In a characteristically fierce, highly provocative intervention that has ignited an intense, continent-wide debate on Pan-Africanism, the Commander-in-Chief of the Economic Freedom Fighters (EFF), Julius Malema, has thoroughly condemned the targeting of African migrants in South Africa.
Taking a direct, uncompromised jibe at both local anti-immigration pressure groups and the South African government, Malema used a high-profile press conference to mock the narrative that foreign nationals are the primary drivers of localized unemployment, following the high-stakes evacuation of 300 Ghanaians from Johannesburg.
"The Ghanaians Are Gone—Show Me the Jobs!"
Malema did not mince words, utilizing a sharp mathematical analogy to dismantle what he termed a "myth and a lie" perpetuated by populist leaders to weaponize the frustrations of unemployed local youth.
Directing his focus to the physical departure of the first state-chartered flight to Accra, the EFF leader demanded an immediate economic reality check from his compatriots:
"They tell the youth 'you are not unemployed because of us [the ruling class], go to these Africans who are taking your jobs.' Okay, the Ghanaians are gone now—300 of them. Someone must tell me, how many South Africans got those 300 jobs that were supposedly taken by the Ghanaians?
Because the foreigners have left. How many 300 jobs were created this morning after they left? It is just a myth, it is a dangerous lie which they are using to further divide us and perpetuate the exact same colonial divisions that were structurally forced on us in the past."
Accusing the Mahama Administration of a "Dishonest Overreaction"
While Malema stood firmly as a shield for African migrants inside South Africa, he was equally unsparing in his critique of President John Dramani Mahama’s emergency rescue operation.
The EFF leader argued that by executing a rapid, high-profile physical evacuation, the Ghanaian government essentially played right into the hands of a small faction of local vigilantes. He claimed that Accra’s dramatic exit framework generalized a localized law enforcement failure, creating a highly unfair global impression of South African society as a whole:
The Call for Diplomatic Patience: Malema asserted that the physical evacuation was executed "too quickly," bypassing deep, constructive bilateral engagement: "The President of Ghana should have given us some time to really deal with this matter and get to the bottom of it. We don't have to respond the same way they did.
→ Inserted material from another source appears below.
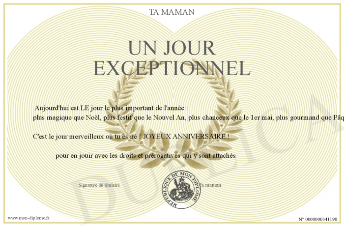 Envoyez par email votre Un jour exceptionnel personalisé

We think the Ghanaian government overreacted, and to overreact in that manner is largely dishonest."
A Failure of Law Enforcement: Acknowledging the raw fear that drove the evacuation—including a widely publicized account of a Ghanaian woman who fled because local police stood by idly while she was assaulted—Malema insisted that the solution lies in enforcing domestic laws, not clearing out fellow Africans: "The Ghana response was not necessary because it now creates the impression that we are all like that, when it is a certain section of our society that needs to be heavily contained by law enforcement."
MALEMA'S PAN-AFRICAN DISCOURSE AT A GLANCE:
┌───────────────────────────────┐ ┌───────────────────────────────┐
│ DOMESTIC CRITIQUE │ │ DIPLOMATIC REBUKE │
├───────────────────────────────┤ ├───────────────────────────────┤
│ • Mass unemployment is a state│ ── │ • Ghana's rapid evacuation │
│ failure, not a migrant issue│ ── │ was a "dishonest overreact" │
│ • Expelling 300 traders caps │ │ • Generalizes South Africans │
│ zero structural job growth │ │ instead of targeting mobs │
└───────────────────────────────┘ └───────────────────────────────┘
The ideological friction points are intensifying, especially after South African immigration authorities dropped a highly controversial claim ahead of the flight's departure, asserting that only 10 of the 300 Ghanaian evacuees possessed fully legal immigration status, while the remaining 290 had allegedly overstayed or lacked proper documentation.